Rapid change in the legal profession threatens everyone from in-house lawyers to large City firms, according to IT consultant Professor Richard Susskind. The former IT adviser to the lord chief justice told the Law Society Management Conference last week that the economic climate will force clients to seek out these advances and reduce their legal costs.

Susskind predicted bosses of both large and small companies will seek to reduce their legal spend by 50% over the next five years, as they look for ways of gaining ‘more for less’ through new pricing structures.

New models, such as that of Lawyers on Demand and Axiom which employ lawyers based on the incoming work, will threaten current working practices, as will innovations from major companies in other sectors. Susskind, who published the book The End of Lawyers? in 2008, also predicted that fixed-fee structures will become increasingly attractive and common.

‘We still need lawyers with expertise that can do difficult legal work that others can’t,’ he said. ‘But there is written and administrative work that clients don’t want to pay big fees for anymore.

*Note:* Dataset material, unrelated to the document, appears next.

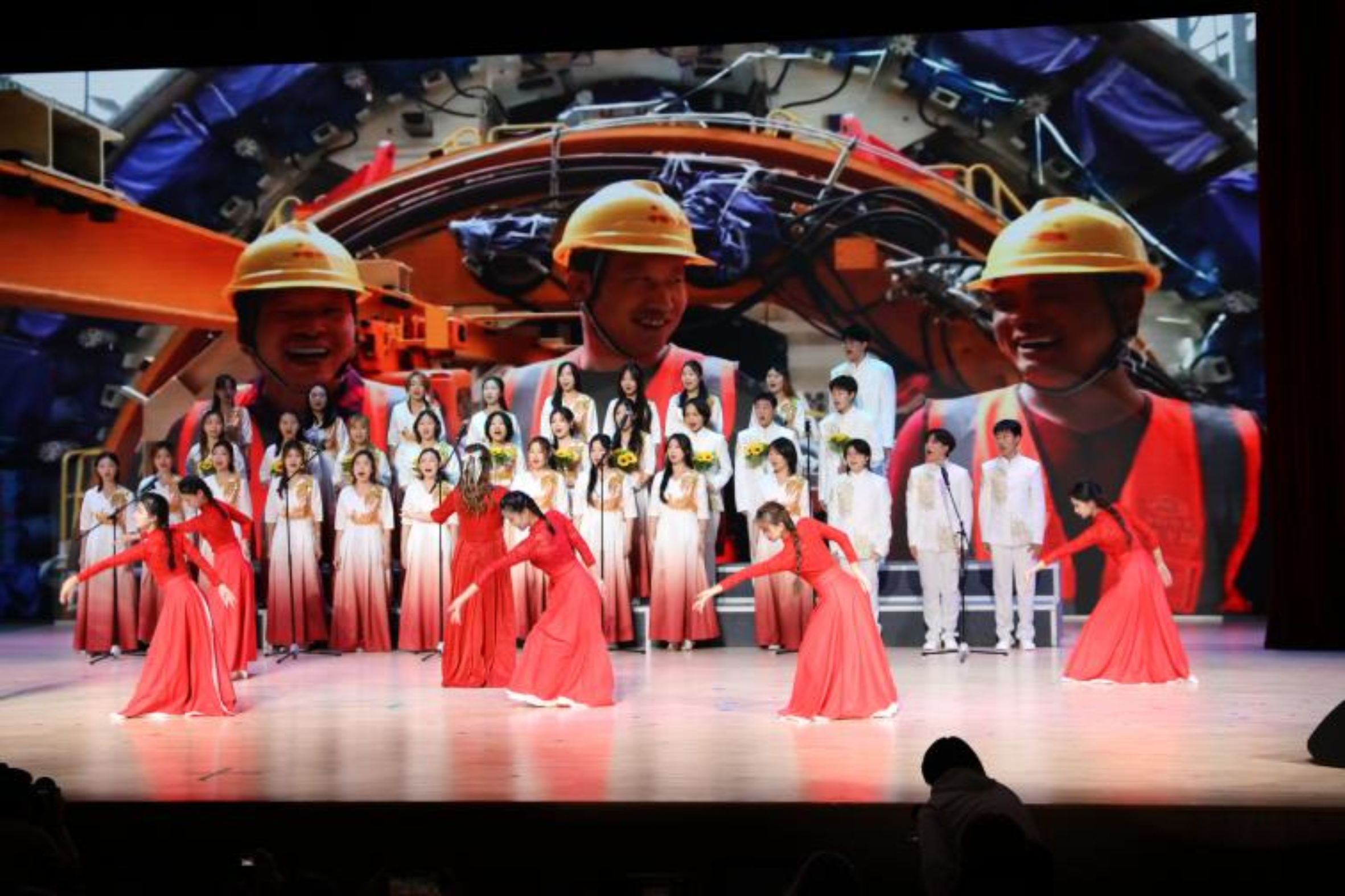 表演渐近尾声,情景剧演员与舞者一同登台,并肩而立,齐做庄重有力的收尾手势。一曲终了,全员整齐致意,圆满谢幕。

‘Small firms and sole practitioners will struggle if they don’t embrace new technologies. Firms will have to fold and those in the middle will have to merge. [The future] is threatening only if you want to hang on - if you want to embrace new models, this is a land of opportunity.’

Susskind also called for improved multi-disciplinary training for lawyers to counter the mindset that ‘we think we can take on a new discipline over a weekend.’